Latte Macchiatto numa mão, um pretzel morno com manteiga na outra. Pavimentação sob meus pés. Buzinas de carro, arrancar de motores, passos de transeuntes impassíveis, o ranger agudo do trilho enquanto o bonde passa. Uma ventania e o cachecol da Benetton serpenteia, meus braços se arrepiam, meus passos se apressam. De um lado, a pirâmide tão conhecida, bem no centro do centro da cidade de Karlsruhe. Do outro lado, as vitrines, os anúncios, o castelo, a organização das árvores no jardim. Cercada de prédios, normalidade, tecnologia e civilização. Mas algo dentro de mim clama por algo. . . épico. 

Ele colocou a eternidade em nossos corações. O coração não foi feito para ruas de paralelepípedo e tickets em máquinas automatizadas. Ele não foi feito para protetores de copo e palmilhas termoisolantes. Ele não foi feito para tanta segurança, tanto hábito, tanta educação, tanta regulamentação, tanto comportamento pré-programado. O épico clama dentro de mim. E, ao menos desta vez, extraordinariamente, respondo.

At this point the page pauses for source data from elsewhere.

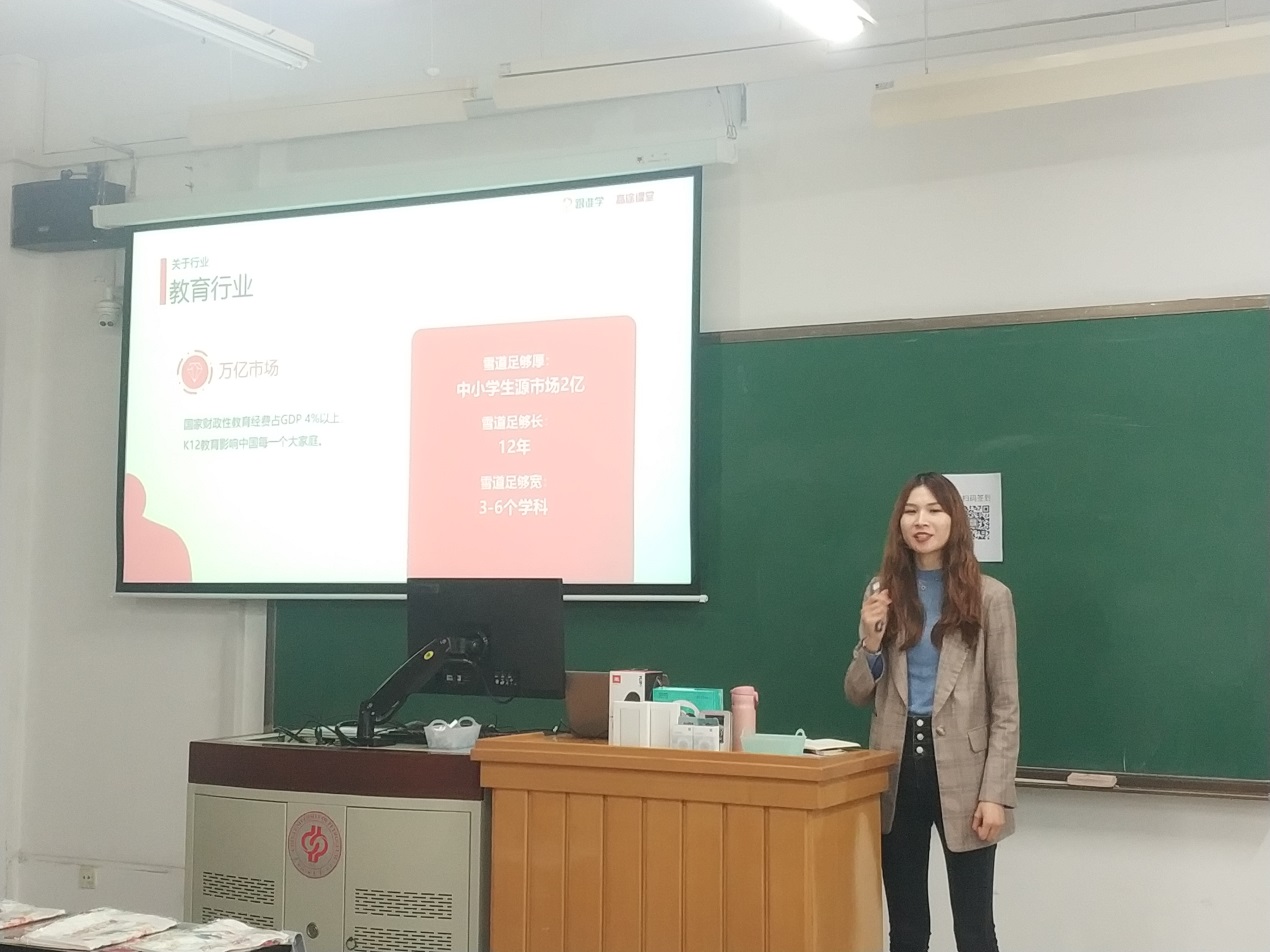 為了給畢業(yè)生提供更好的就業(yè)服務(wù),給畢業(yè)生與用人單位創(chuàng)造交流平臺(tái),地球科學(xué)學(xué)院月2020年11月19日晚在三教410舉辦2021屆管培生專場(chǎng)招聘宣講會(huì),跟誰學(xué)-高途課堂人力資源管理負(fù)責(zé)人劉巖、傅凱陽應(yīng)邀進(jìn)行宣講。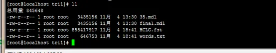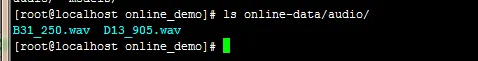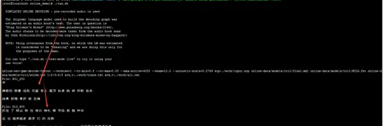 [root@localhost online_demo]# ./run.sh 模型识别的是 /mnt/kaldi-master/egs/thchs30/online_demo/online-data/audio路径下所有的单音频文件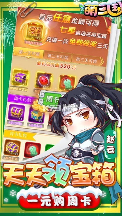 ★首充就送名将自选宝箱,各路英豪任君选择!,绝版将军套装,次日和三日每天都送一套6星装备宝箱!一元周卡领7天!天天都有宝箱给!!基金低价激活!超多元宝免费送,数量高达数十万!!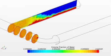 從管道中的油水兩相體積分布云圖(見圖4)可以看出,入口端管道直管段內(nèi),油中的水基本可以被油直接帶走,未出現(xiàn)明顯的油水分層現(xiàn)象。但在彎頭位置,離心力作用將水甩到管道外側(cè),使管道外側(cè)的水含量明顯增多。在盲管段,油和水發(fā)生分層,管道底部出現(xiàn)水沉積,三通管口1.5~2 m距離往后流速很低,盲管深處速度幾乎為零,水沉積現(xiàn)象更為明顯。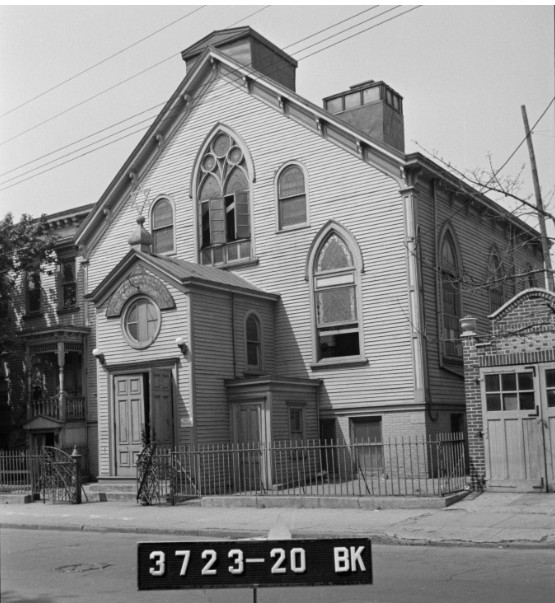 Greater St. John Community Church, former Anshei Krasnikof 471-473 Vermont Street are adjoining 3-story buildings. Congregation Anshei Krasnikof was formed by immigrants from the town of Krasnik in Poland. One source has the congregation dating to 1897, Ellen Levitt's book has it organizing in 1919. The 1940 tax photo on the right shows the ground floor of 471 Vermont still operating as a candy store while the building next to it was possibly acting as a storefront synagogue. Ownership transferred about 1968. |

Lanço fora o copo de plástico, junto com seu protetor e o guardanapo do pretzel. E corro. Não uma corrida civilizada, daquelas que costumamos ver em propagandas da Nike ou entre os atrasados para pegar o bonde. Corro uma corrida desesperada, de início lenta e, de repente, acelerada até o ponto em que as testemunhas se viram preocupadas para verificar por que manada desembestada estou sendo perseguida. Cada passo impactante doem os ossos mal-acostumados, as juntas queimam e contraem-se teimosamente, os pulmões reclamam, mas não paro. Por que corro? Ouço em cada impacto dos meus pés que estou atrás do épico, da aventura, dos sonhos inatingíveis, do passado irrecuperável, de tudo aquilo que não alcancei porque não lutei, das lágrimas jamais derramadas, da alma diluída e esmaltada pelo excesso de civilização, do grito engolido, das risadas educadas, do tempo mal investido, do perdão nunca pedido, das pessoas que feri, da verdade não dita, do amor, do amor que não soube dar tão inteiro, tão completo, porque parecia estúpido e infantil e tão desajustado. 

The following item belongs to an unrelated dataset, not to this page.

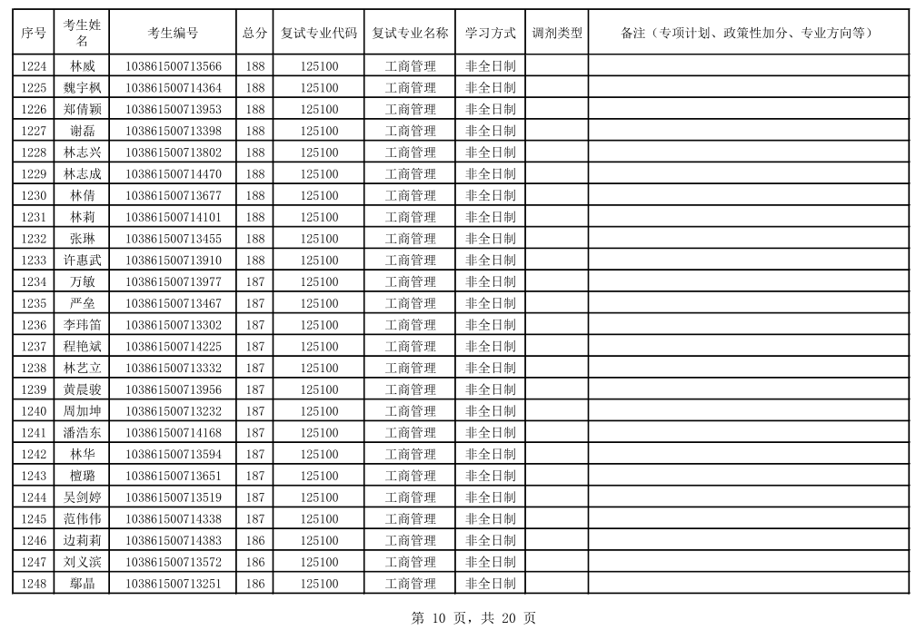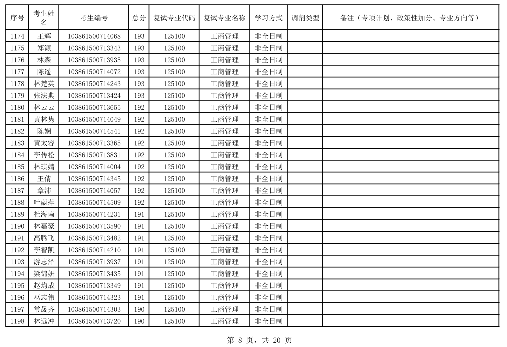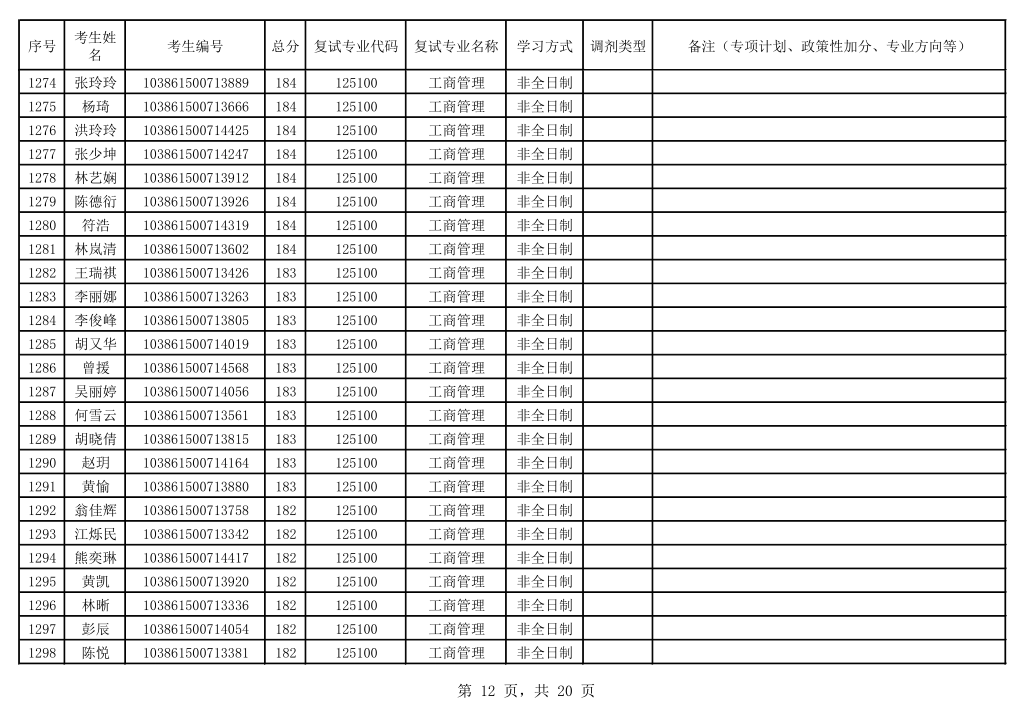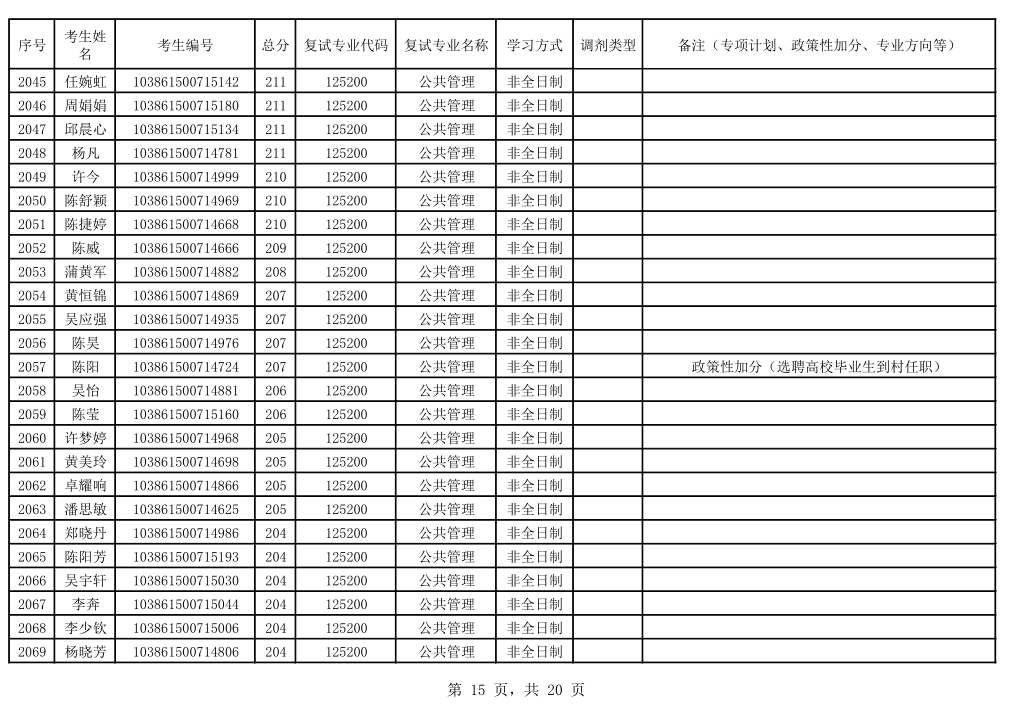2021年福州大学经济与管理学院参加复试考生名单(非全日制)

Corro desesperadamente porque não há lugar para o épico aqui neste bairro e, portanto, não há lugar para corações onde a eternidade foi colocada. Enquanto vivemos vidas regradas entre quatro paredes artificialmente climatizadas, discutimos as novas tendências da moda e compartilhamos fotos de gatinhos pela internet, os tambores rufam, o céu se desenrola como papiro, o chão treme, os alicerces se deslocam, o teto brilhando de chuva está a despencar e o épico nos chama por nome a plenos pulmões. A eternidade comanda agora que gritemos, que lutemos, que suemos, que choremos, que corramos, que desistamos deste conforto, em prol de tudo que é certo, tudo que é puro, tudo que é belo e justo. Existe o momento de não hesitar. É o momento de ir all in.

Então, corro. Debaixo do sol, da neve e da chuva, em meio ao mar de rostos indiferentes que me cercam.

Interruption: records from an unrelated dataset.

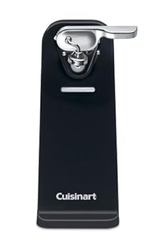 Style, convenience, and power come together in the Cuisinart electric can open. With chrome accents and elegant contours, it fits nicely with other modern countertop appliances. The easy single-touch operation effortlessly opens any standard size can. The precision Power Cut blade and strong magnetic lid holder are attached to the removable lever, which can be easily detached for quick cleanups. A stable design with a wide base for extra sturdiness and solid construction, it won't tip or slide. Simply place the can under the guideposts and press the lever for effortless opening!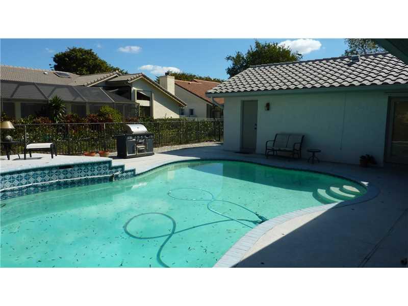 NEW ROOF & IMPACT WINDOWS ON FRONT WINDOWS!! BEAUTIFUL 4 BED / 2.5 BATH LARGE POOL HOME IN GATED COMMUNITY OF EAGLE TRACE GOLF ESTATE HOMES. REMODELED KITCHEN HAS MANY EXTRAS INCLUDING OVERSIZED COUNTERTOP, WET BAR,WINE RACK, AND PULL OUT PANTRY SHELVING. FIREPLACE IN LARGE FAMILY ROOM. WOOD FLOORING IN DINING AND LIVING ROOMS. ALL BEDROOMS ARE LARGE AND MASTER BEDROOM HAS TWIN WALK-IN CLOSETS AND TRAY CEILING. CABANA BATH, FRENCH DOORS LEAD OUT TO POOL AREA. HALF OF GARAGE CONVERTED TO OFFICE.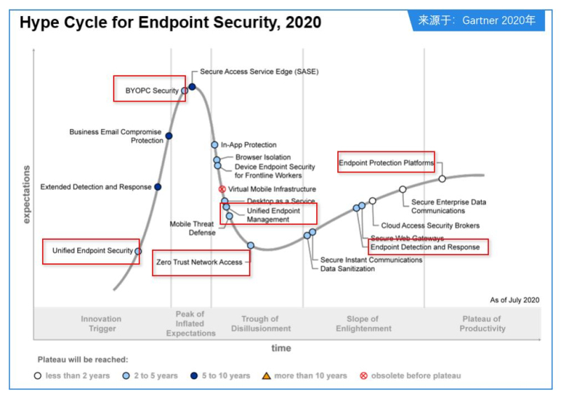 根據(jù)Gartner2020年端點(diǎn)安全技術(shù)成熟度曲線提出,越來越多的用戶希望能夠基于一個(gè)平臺(tái)對(duì)所有終端進(jìn)行安全管理。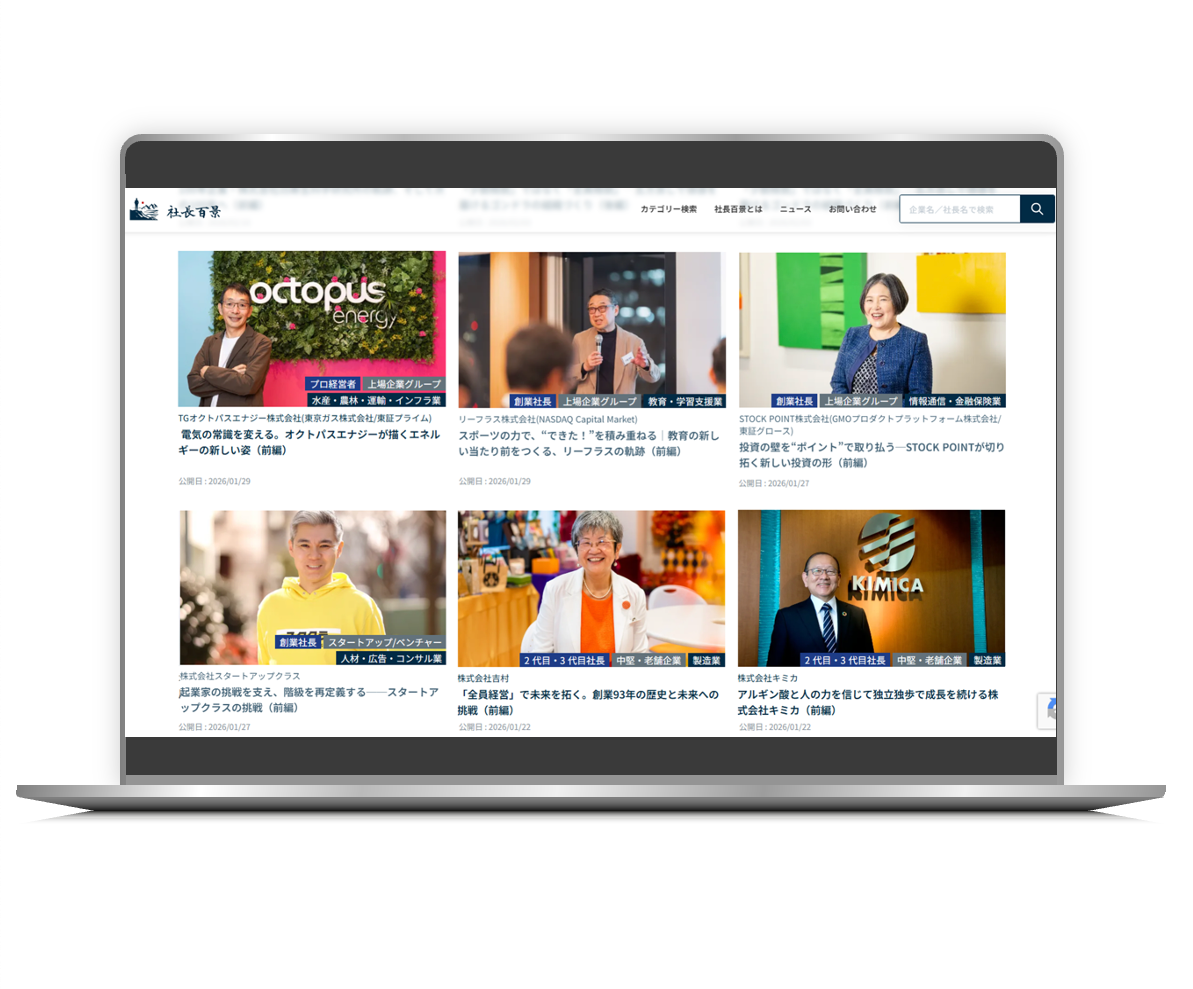 「社長百景」は、経営者へのインタビューを通じて、経営者の哲学や事業への想いを言語化し、物語として発信する経営者インタビューメディアです。

Corro até as extremidades da terra, até os limites desta cidade, o fim da carreira proposta. No alto daquela encosta, sem saída e sem retorno, grito o grito rouco, guardado por décadas, já que não posso mais correr. E em resposta, o eco grita duas, três, até quatro vezes o meu esforço. As lágrimas caem e, finalmente sinto meu coração esticando-se de abarrotado de perfeito amor e perfeita alegria e profunda dor por toda a civilização assim tão pálida e tão civilizada. O épico me venceu. E com Ele, venci o mundo.